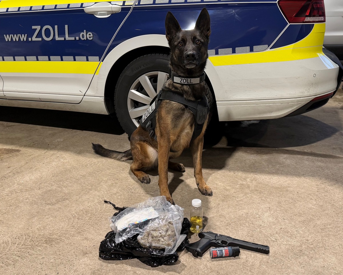 Um auszuschließen, dass sich in den Gepäckstücken noch weitere Betäubungsmittel befanden, wurde der Kleintransporter an der Dienststelle vollständig entladen und die Ladung eingehend kontrolliert. Im Zuge dessen entdeckten die Zöllnerinnen und Zöllner im Zugriffsbereich des Fahrersitzes eine CO2 Schusswaffe und verbotenes Pfefferspray.
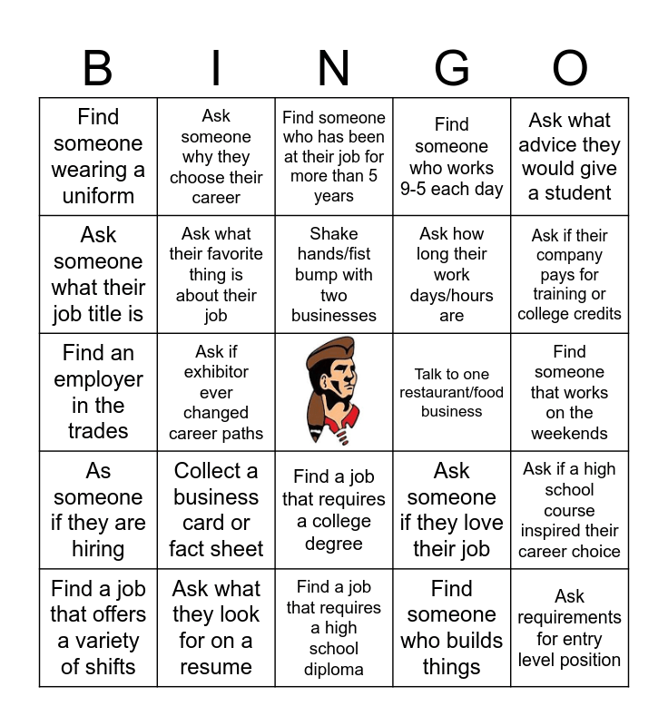This bingo card has a free space and 25 words: Collect a business card or fact sheet, Find a job that requires a high school diploma, Shake hands/fist bump with two businesses, Find a job that offers a variety of shifts, Ask what advice they would give a student, Find someone wearing a uniform, Ask someone what their job title is, Ask someone why they choose their career, Talk to one restaurant/food business, Find a job that requires a college degree, Ask how long their work days/hours are, Find an employer in the trades, Ask someone if they love their job, Ask if a high school course inspired their career choice, Ask what their favorite thing is about their job, Find someone who travels for their job, Find someone that works on the weekends, Find someone who has been at their job for more than 5 years, Ask if their company pays for training or college credits, Ask if exhibitor ever changed career paths, Ask requirements for entry level position, Ask what they look for on a resume, As someone if they are hiring, Find someone who works 9-5 each day and Find someone who builds things.
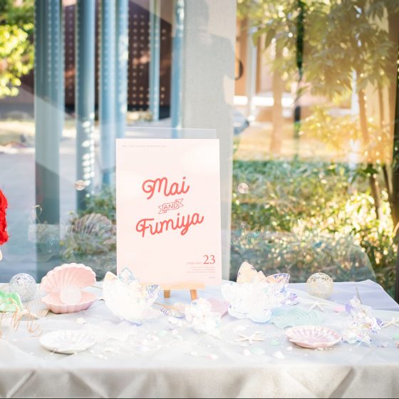 そして何よりこだわったのは、絶対に妥協しないこと!!!飾り付けは、海の中をテーマに貝殻や風船など自分のイメージに合うものを色々な所で探して、気に入ったものを集めました。納得のいくとっても可愛い会場を作ることができて、プランナーさん達が褒めて下さり、嬉しかったです!!
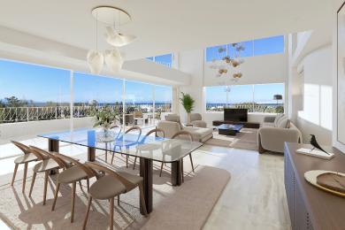 The expansive open-plan layout is enhanced by floor-to-ceiling windows, creating bright, airy, and sophisticated living areas with seamless indoor–outdoor flow. The residence includes three generous master bedrooms and four luxurious bathrooms, ensuring privacy and refined comfort. A sleek gourmet kitchen equipped with premium appliances integrates perfectly with the dining and living areas, making this the ideal setting for both everyday living and stylish entertaining.
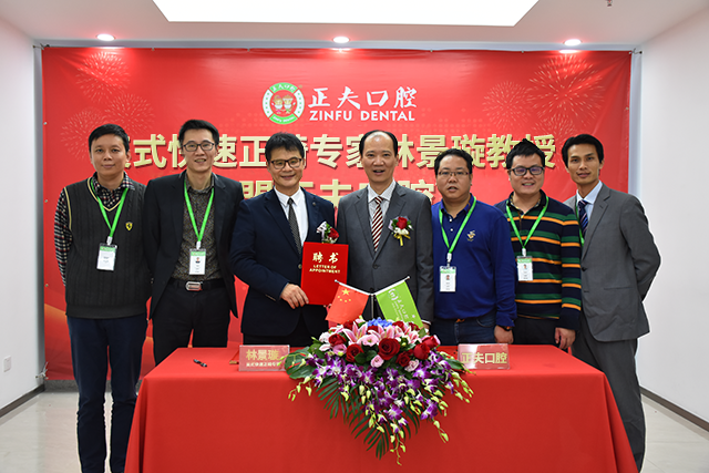 2017年1月4日,英式快速正畸专家林景璇教授加盟正夫口腔签约仪式,在正夫口腔总部举行。英式快速正畸专家林景璇教授与正夫口腔集团董事长杨瑞锋、执行副总张哲人,医疗副总张峻维、财务总监汪礼长、运营总监魏衍刚、门诊管理部总监黄骏祖等共同出席了本次活动。
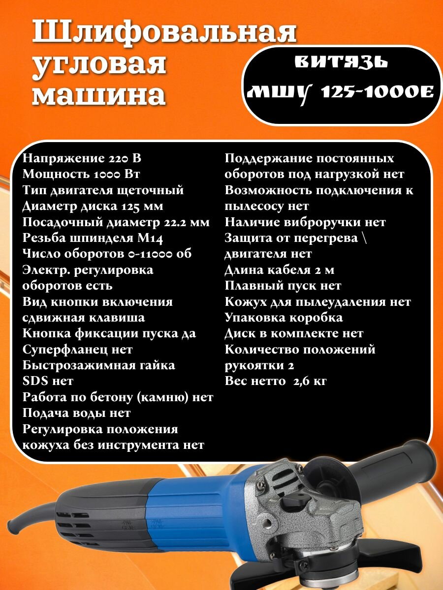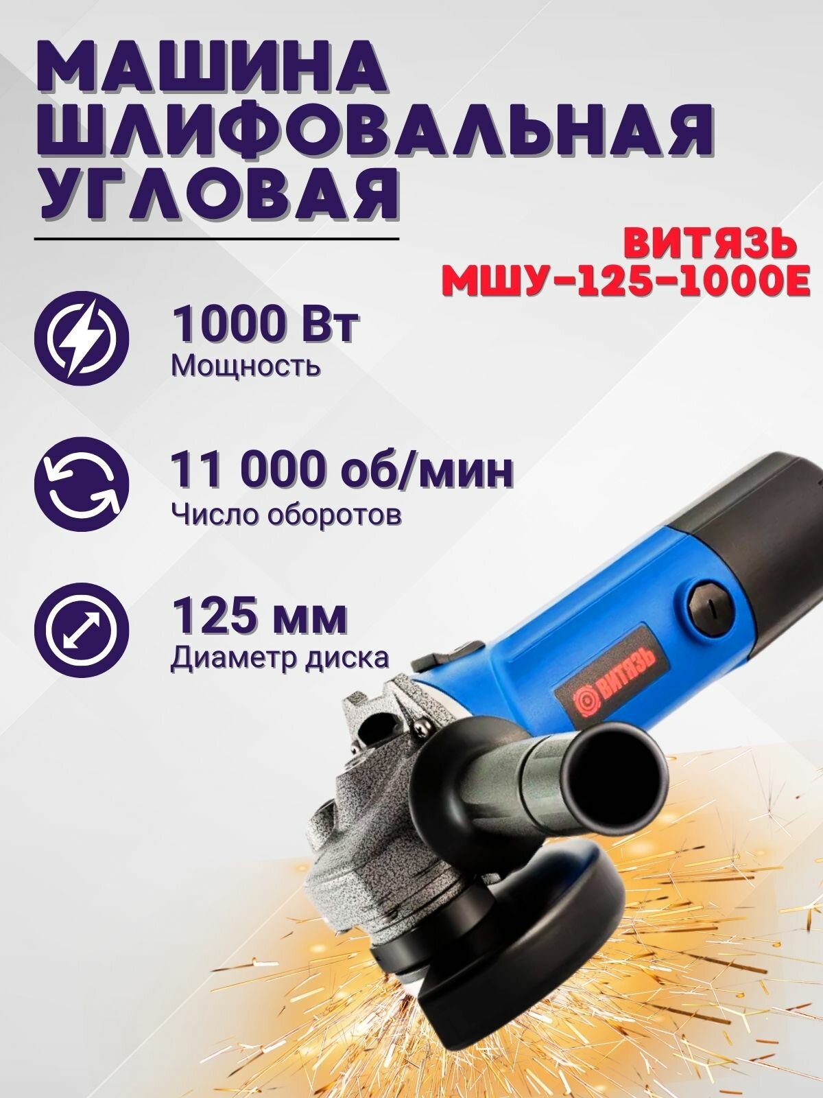 Болгарка Витязь МШУ-125-1000E, 1000 Вт, 125 мм, 11000 об/мин, с кожухом / Шлифовальная машина / УШМ с регулировкой оборотов: сравнение цен, характеристики, фото, актуальное наличие и цены.
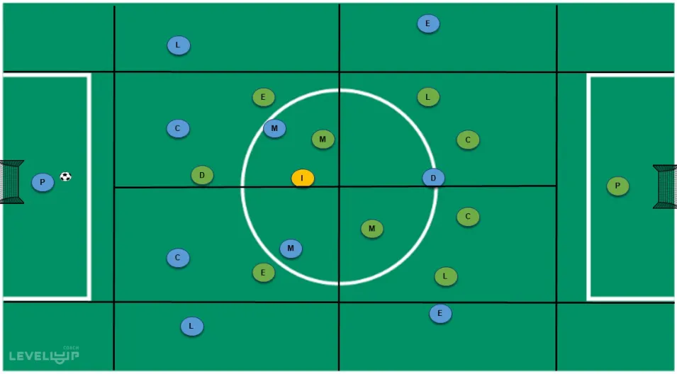 将球员分为两队,每队10 名球员外加1 名进攻自由人。两队必须根据之前练习过的战术阵型进行站位。本次练习的主要条件是强调角色转换(从一个阶段切换到另一个阶段),为此我们设立奖励:一旦丢球,球队能在丢球的同一区域完成反抢夺回球权。
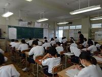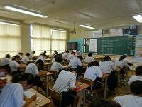 8月25日(火)1学期確認テストが行われています。中学校初のテストを受ける1年生の様子です。静寂の中にも緊張感が感じられ、一生懸命に取り組んでいます。
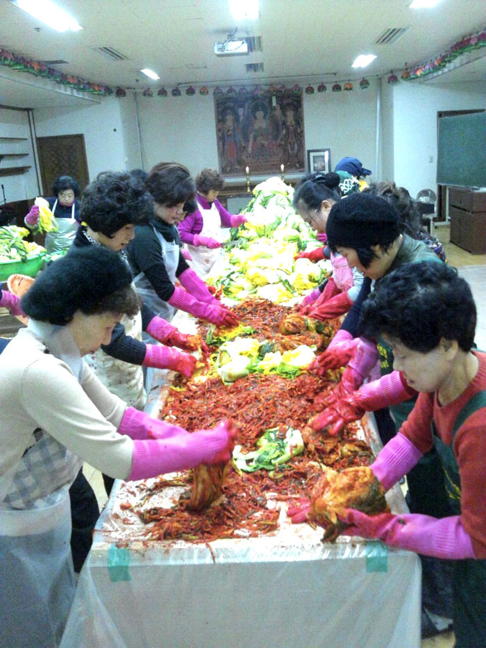 - [좋은인연] 한 겨울을 따뜻하게 보낼 수 있도록 준비하는 것 중의 가장 큰 것이 김장김치 담그기일 것이다. 사)좋은인연은 김장철을 맞아 성북구에 거주하고 있는 불우이웃에 김장김치를 만들어서 전달하는 훈훈한 사랑의 손길을 보냈다. 2012년 11월 22일 오전 9시부터 김장김치 만들기 봉사에 들어간 박윤재 사업부장을 비롯한 30여명의 사)좋은인연 회원들은 구슬땀을 흘리면서도 얼굴가득 웃음을 지으며 어머니의 손맛을 뽐냈다. 이날 오전 11시 류장환 안암동사무소장은 봉사의 현장을 방문하여 추운 겨울철에 김장나누기의 행사로 안암동에 거주하는 독거노인 등의 이웃들이 따뜻한 겨울을 보낼 수 있게 되었다며 좋은인연 회원들에게 진심어린 감사의 말을 전했다. 충북 괴산에서 배달된 배추와 양념을 버무려 맛있게 만들어진 배추김치 130상자 중 100상자는 안암동사무소에 전달하고 30상자는 영등포 시립장애인복지관에 전달했다. 안암동사무소는 임희웅 사단법인 이사장이 전달을 하였고, 영등포 시립장애인복지관에는 계영석 서울지역단장이 방문하여 전달을 하였다. 임희웅 이사장은 두 분의 독거노인 집을 방문하여 직접 김치를 전달하기도 하였다.
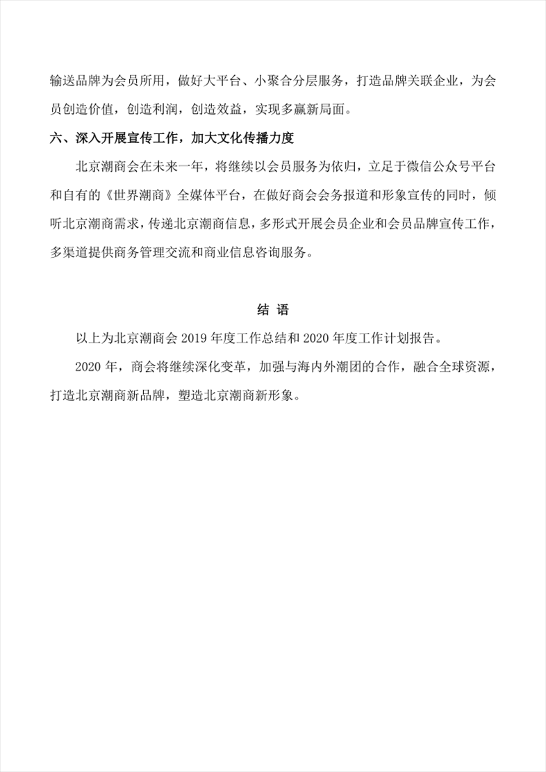 北京潮商会2019年度工作总结与2020年度工作规划报告

* _Your objective_
Because the copy must hold no pictures, return only the lines that run from the line containing "8月25日(火)1学期確認テ" to the end of the data above, each exactly as it stands.

* _Solved exercise_
 8月25日(火)1学期確認テストが行われています。中学校初のテストを受ける1年生の様子です。静寂の中にも緊張感が感じられ、一生懸命に取り組んでいます。
 - [좋은인연] 한 겨울을 따뜻하게 보낼 수 있도록 준비하는 것 중의 가장 큰 것이 김장김치 담그기일 것이다. 사)좋은인연은 김장철을 맞아 성북구에 거주하고 있는 불우이웃에 김장김치를 만들어서 전달하는 훈훈한 사랑의 손길을 보냈다. 2012년 11월 22일 오전 9시부터 김장김치 만들기 봉사에 들어간 박윤재 사업부장을 비롯한 30여명의 사)좋은인연 회원들은 구슬땀을 흘리면서도 얼굴가득 웃음을 지으며 어머니의 손맛을 뽐냈다. 이날 오전 11시 류장환 안암동사무소장은 봉사의 현장을 방문하여 추운 겨울철에 김장나누기의 행사로 안암동에 거주하는 독거노인 등의 이웃들이 따뜻한 겨울을 보낼 수 있게 되었다며 좋은인연 회원들에게 진심어린 감사의 말을 전했다. 충북 괴산에서 배달된 배추와 양념을 버무려 맛있게 만들어진 배추김치 130상자 중 100상자는 안암동사무소에 전달하고 30상자는 영등포 시립장애인복지관에 전달했다. 안암동사무소는 임희웅 사단법인 이사장이 전달을 하였고, 영등포 시립장애인복지관에는 계영석 서울지역단장이 방문하여 전달을 하였다. 임희웅 이사장은 두 분의 독거노인 집을 방문하여 직접 김치를 전달하기도 하였다.
 北京潮商会2019年度工作总结与2020年度工作规划报告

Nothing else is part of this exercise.